(Feminine) Beauty & Ugly Christ

WE EXPERIENCE BEAUTY IN a variety of ways: through song, paintings, sunsets, people, etc. And, though we need to think about beauty generally, it is worth saying a word about human beauty first as it seems to be the most influential in our society.
Now, between the two genders, God seems to have given considerably more beauty to the feminine than the masculine. This is not a clear and hard rule and, even among women, degrees of beauty vary. It seems to be a gift distributed rather indiscriminately and, some might think, with a good amount of unfairness.
Feminine beauty, as part of the image of God, is both spiritual and bodily. It is drawn from God’s very light. His divine image exists in both men and women, but there is uniqueness in how it is manifest in women. This why Paul writes that ‘the woman is the glory of man’. Women adorn humanity, both spiritually and bodily, in a way that us men do not. Men need women. It is not good for men to be alone. The glorious image of God that you can reflect to us and is not something we men can produce amongst ourselves and to each other. In your femininity, you reflect the image of God in a way that brings nourishment and strength to the souls of men.
Your physical beauty is as unique as your spiritual beauty. Yes, we men can be attractive or handsome in our own right―and we’re rather pleased with ourselves when you find us to be so. But this is different than the woman’s beauty. Ladies, your beauty as a woman is a unique gift from God. It is nothing to be ashamed of. It is to be celebrated and given thanks over. People are to see you as a testament to the truth that the Creator of the Universe and His ways are beautiful. Like a beautiful voice or painting, the beauty you carry can move a soul in and of itself, yet leave one hungry for the ultimate beauty that God will bestow upon his children.
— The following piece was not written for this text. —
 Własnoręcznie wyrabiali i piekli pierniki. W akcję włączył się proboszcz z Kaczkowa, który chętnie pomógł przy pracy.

This why Paul, when writing to Timothy, says that women should ‘adorn’ themselves. They should celebrate their feminine beauty as a gift from God. But that they are to do so ‘modestly’. In context, Paul is speaking of women of a certain socio-economic level adorning themselves by means of gold and pearls while worshipping next to women of a lower class who could never afford such things. This was the type of modesty Paul was speaking of: a modesty that celebrates beauty while being aware of its potential divisive impact, due to human fallenness, among those with whom we worship.
Of course, this could apply to men as well. A man who is especially rich would be unwise to wear tailored Armani suits if most of those he worships with are unemployed or poor. But Paul saw in his day that this would be an issue that was more likely to arise among women than among men and not a lot has changed since his day.
Jesus the Ugly
The problem of beauty, and not just with the feminine variety, is that sin has come into the world and now those channels through which divine glory is supposed to be refracted are now tainted by sin. Much of what we encounter as beautiful in this life is a mix of true beauty with human corruption. Beauty by its very nature can deceive. The fruit Eve ate was attractive in appearance yet brought death. Beauty can manipulate―it can promise to bestow itself upon a recipient in return for favours in unrighteous ways. When beauty is divorced from the true and the good, it is no longer true beauty.
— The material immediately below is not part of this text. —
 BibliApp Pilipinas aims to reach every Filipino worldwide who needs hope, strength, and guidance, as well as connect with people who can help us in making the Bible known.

Not only is the object or person who reflects beauty affected by sin, but those of us on the beholding end are twisted by it as well. We can see beauty but, instead of giving thanks for it, we envy it. Or, we could worship and idolise the object reflecting that beauty, failing to acknowledge that God is the ultimate source of it. Eventually, the light of beauty we behold in such person or object will lessen.
Christ came to wholly redeem us―including our experience of beauty. How?
Christ dwelt in beauty indescribable. Sinless seraphim and angels had to cover their eyes to keep from being overwhelmed by His beauty. And what did he do with all that beauty?
He gave it away. All of it. He took on the flesh of an unattractive man and died one of the ugliest of deaths. Isaiah said that ‘He had no form or majesty that we should gaze upon him, nor appearance that we should desire him…And we hid, as it were, our faces from him’.
Why did he renounce all this beauty? So that you and I can have ultimate beauty. He exchanged his beauty for our ugliness. Jesus, who is beauty itself, became ugly by embracing us so that we who are made ugly by our sin might become beautiful to God. That’s why we look to Christ the rejected, the beaten, and the bruised for our salvation―not to Christ the glamourous or handsome model seen in far too many artworks by misguided believers. The Cross is a wrecking ball, shattering all the conceptions this world has about beauty.  
When we see this ugliness that Christ assumes on our behalf, it begins to set us free. The love which motivated such an act becomes for us the beautiful and precious thing in God’s Universe. We become liberated from our prideful desire to become more beautiful than others. We become enabled to enjoy and celebrate created beauty without being enslaved by it.
We also have the hope that, aside from the love at work behind the Cross, the greatest of beauties are yet to come. The new and second Creation that is coming through Christ will far eclipse the first. The new Heavens and the new Earth will contain a beauty that our imaginations cannot now come close to fathoming. All the of this world’s beauties that are buried with Christ will be resurrected on that day in far greater glory―and the most breathtaking ones are yet to come.